Works with: Swift, TypeScript/JavaScript, Python, Rust, Go, Java/Kotlin, C#, Ruby. Dependencies: None (requires only Claude Code CLI, Node.js, Git, and Bash).


Table of Contents

  1. Philosophy
  2. Quick Start
  3. Setup
  4. Daily Workflows
  5. Commands Reference
  6. Automatic Guards (Hooks)
  7. Build Test Script
  8. Spec Format
  9. Customization
  10. Token Cost Guide
  11. Troubleshooting
  12. FAQ

1. Philosophy

The Core Cycle

SPEC (with acceptance scenarios) → CODE + TESTS → BUILD PASS

Every code change — feature, fix, or removal — follows this cycle.

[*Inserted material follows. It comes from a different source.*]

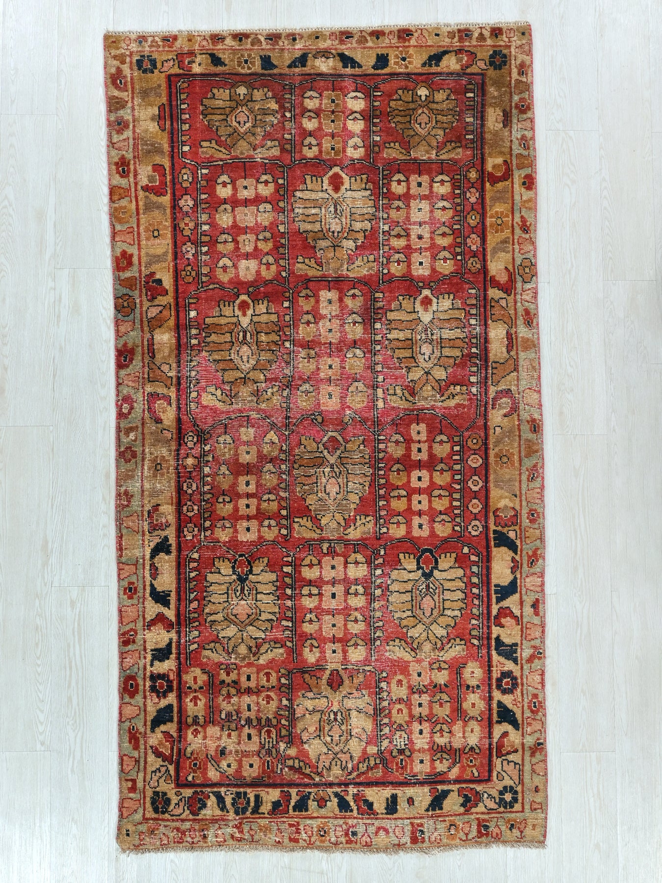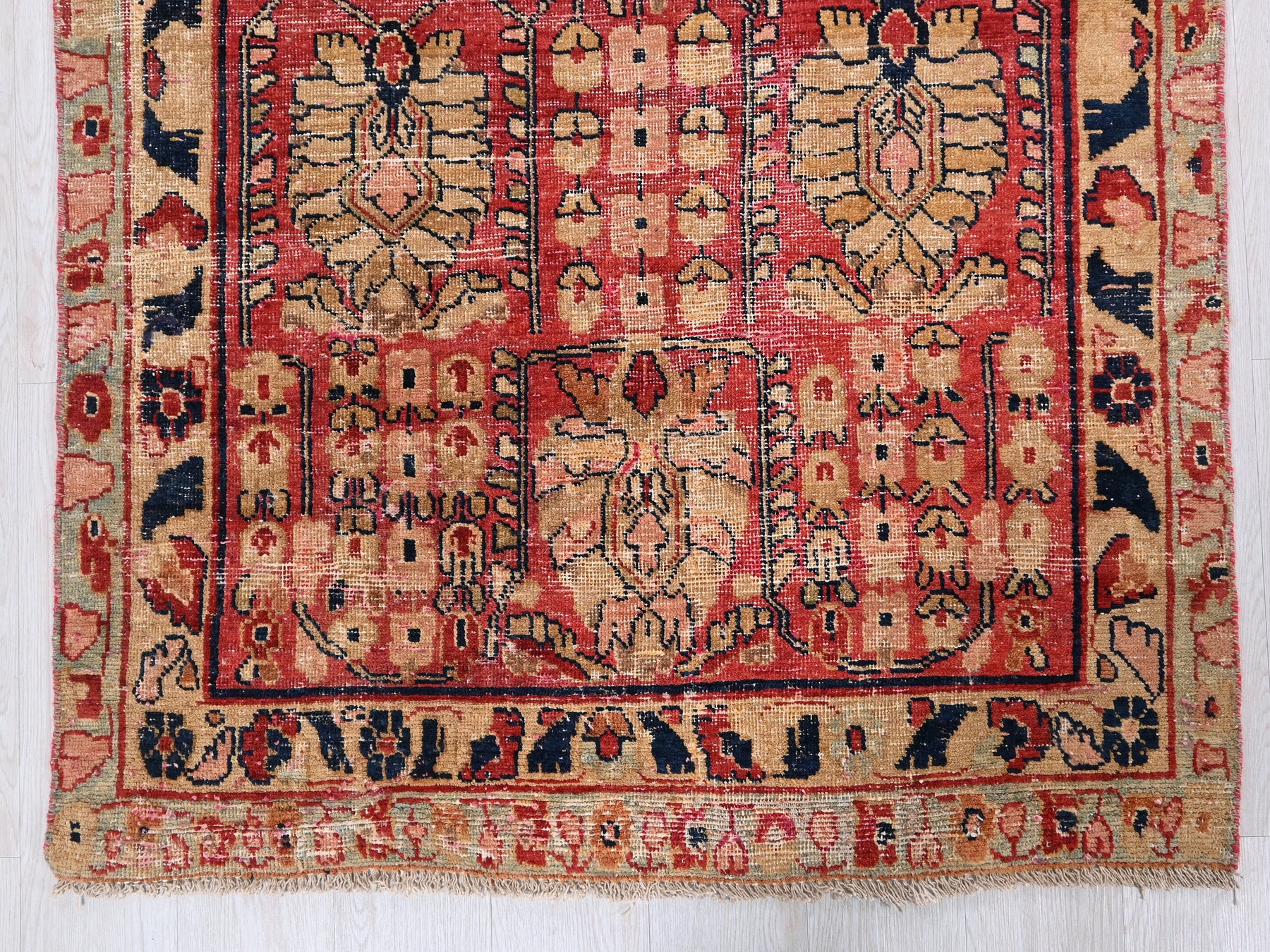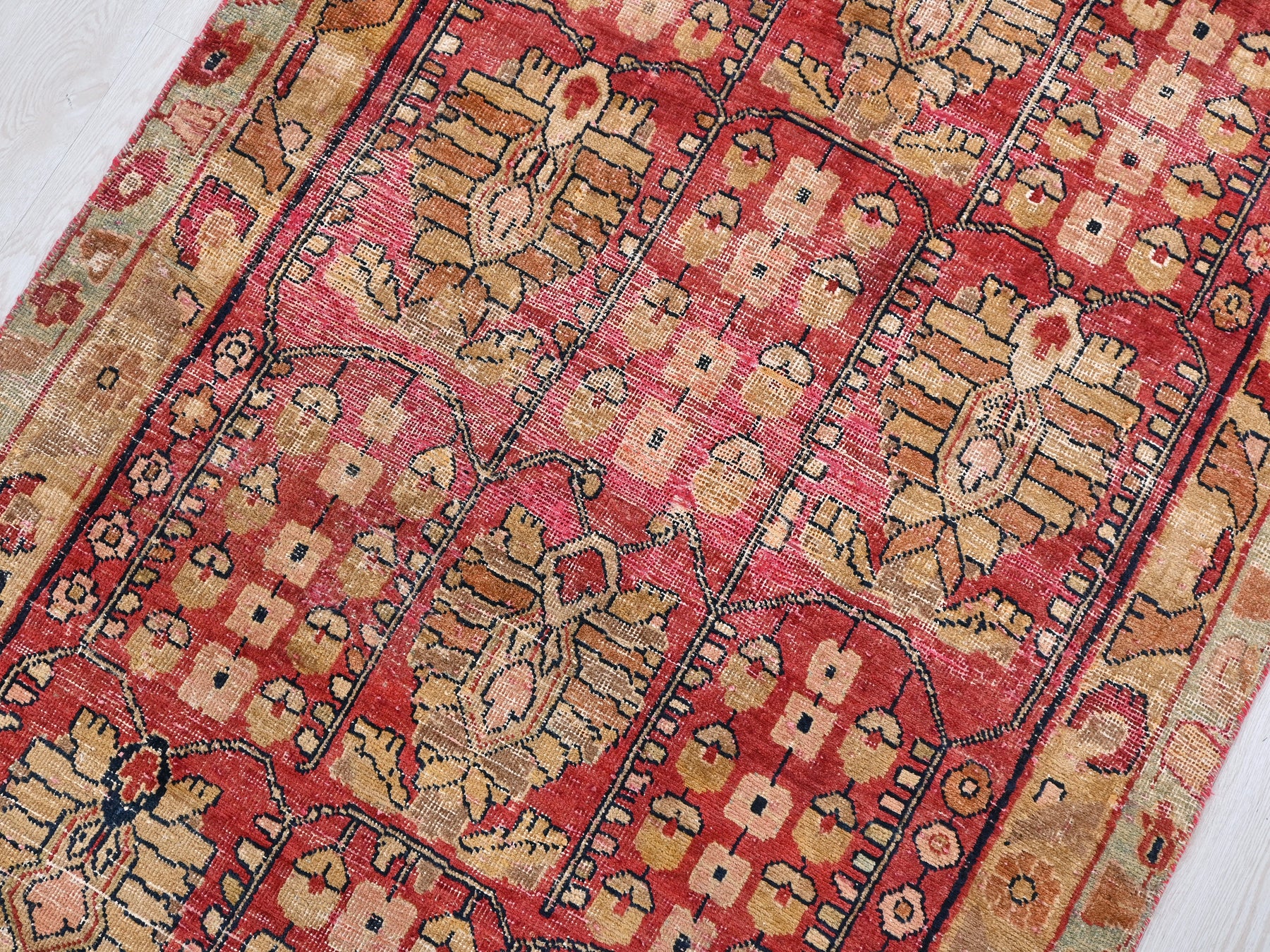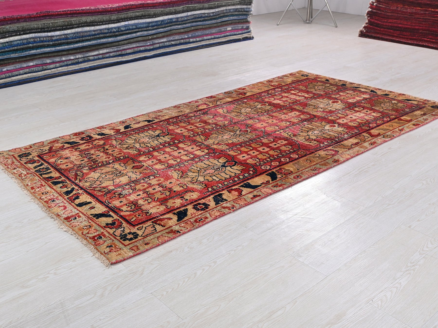 This is a hand-knotted, one-of-a-kind vintage rug. Due to the nature of this piece, there may be slight imperfections in its wear, shape, dimensions, and color. All of our rugs are professionally cleaned and repaired.

The spec is the source of truth. Acceptance scenarios (Given/When/Then) are embedded directly in the spec — no separate test plan file. If code contradicts the spec, the code is wrong.

Why Spec-First?

  • Prevents drift. Acceptance scenarios live inside the spec — no separate test plan to fall out of sync.
  • Tests have purpose. Scenarios derived from specs test behavior, not implementation details. This means tests survive refactoring.
  • AI writes better code. When Claude Code has a spec with concrete Given/When/Then scenarios, it generates more accurate implementations and more meaningful tests.
  • Reviews are grounded. Reviewers can check code against the spec rather than guessing at intent.

Principles

  1. Specs are source of truth — Code changes require spec updates first.
  2. Incremental, not big-bang — Test after each code chunk, not after everything is done.
  3. Tests travel with code — Every PR includes production code + tests + spec updates.
  4. Build pass is the gate — Nothing merges with failing tests.
  5. Everything in the repo — Specs, plans, tests, and code are version-controlled and reviewable.

2. Quick Start

Time needed: 5 minutes.

# 1. Install dev-kit into your project
npx claude-devkit-cli init .

# 2. Open your project in Claude Code
claude

# 3. Create your first spec
/mf-plan "describe your feature here"

# 4. Write code, then test
/mf-build

# 5. Review before merging
/mf-review

# 6. Commit
/mf-commit

That's it. The CLI auto-detects your project type and configures everything.


3. Setup

Prerequisites

| Tool | Required | Why | |------|----------|-----| | Claude Code CLI | Yes | Runs the commands and hooks | | Git | Yes | Change detection, commit workflow | | Node.js (18+) | Yes | File guard hook, JSON parsing | | Bash (4+) | Yes | Path guard hook, build-test script | | Language toolchain | Yes | Whatever your project uses (Swift, npm, pytest, etc.) |

Installation

Option A: One-command install (recommended)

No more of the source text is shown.